Have a skim through this – http://bit.ly/ePr7ji – it might help clear up a few issues for you.
J
The reactor is contained within a several-metre thichk “containment vessel”, which is contained within another steel-framed lightly-clad building.
Various theories are floating about as to what exploded, but the official line is that various gases/steam was released from the reactor into the building, which then exploded. Others have pointed-out that the alternator exciters in the generator building (attached TO the reactor building) are cooled by hydrogen.
As the radiation levels are not rising, and are not anywhere near dangerous, the reactor containment has not been breached.
Not bad really, especially after a ‘quake that moved Japan 8 feet from where it was previously, shifted the precession of the entire globe 10 inches and increased the earths rotation by 1.6 microseconds, caused (so far) several thousands of people to die.
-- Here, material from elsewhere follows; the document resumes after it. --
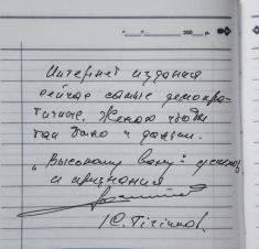 Але на зустрічі мене ще насторожили захоплення Тігіпка Китайською економікою. Якщо він хоче, щоб ми розвивались за китайськими принципами - то я проти. Китай розвивався за рахунок двох речей: дешевої масової робочої сили і крадіжці технологій. Це тупиковий шлях: уже зараз рівень споживання в Китаї різко росте (тобто збільшується рівень доходів) і захоплення ринку за рахунок дешевих товарів на вкрадених технологіях не може іти постійно. Якщо у вартості товару не буде закладена наукова складова, то у вартості наступного товару буде закладена і наукова складова і складова її захисту. На жаль, Тігіпко жодного слова не сказав про розвиток індії. Йому, як українському бізнесмену зрозуміліша логіка найму дешевої робочої сили, ніж інвестування в розвиток трудових ресурсів (в освіту). І чисто людський аспект нещирості: записка написана російською, а прізвище українською.

AND they are old reactors….circa 1970 ish.
The new generations being built are safer still, and the thorium type reactors proposed by India and China are incapable of being damaged by loss of coolant.
I could go-on about wind turbines:
http://www.dailymail.co.uk/home/moslive/article-1350811/In-China-true-cost-Britains-clean-green-wind-power-experiment-Pollution-disastrous-scale.html
But that is just more media !
@Jeremy
I read that
And it says they do not know what is happening
And it says there has been radiation leakage
And it says it does not know what the damage may have been
And sea water is being used as a coolant – and presumably pumping straight back to sea plus radiation
So I stand by my informed opinion based on human reaction to this – based on the fact that people in Japan will panic about the risk – and quite reasonably so – and say that such reassurance is utterly useless – and that the impact on Japan and Japanese society will be very significant indeed
To put it another way – quite reasonably the reassurance you provide has the credibility of reassurance that all was well in RBS from Fred Goodwin in 2008. Even if technically survival of the risk is possible – the real consequences suggest the risk should not be taken again
That’s an opinion I have on banks
And it’s an opinion I have on nuclear power plants that are ‘safe’ when they blow up
http://www.bbc.co.uk/news/world-12723092
Seems better commentary to me
There is a mystery at the heart of the nuclear energy generation story. Why did they stop researching molten salt reactors which consume far less scarce resources and are automatically fail-safe?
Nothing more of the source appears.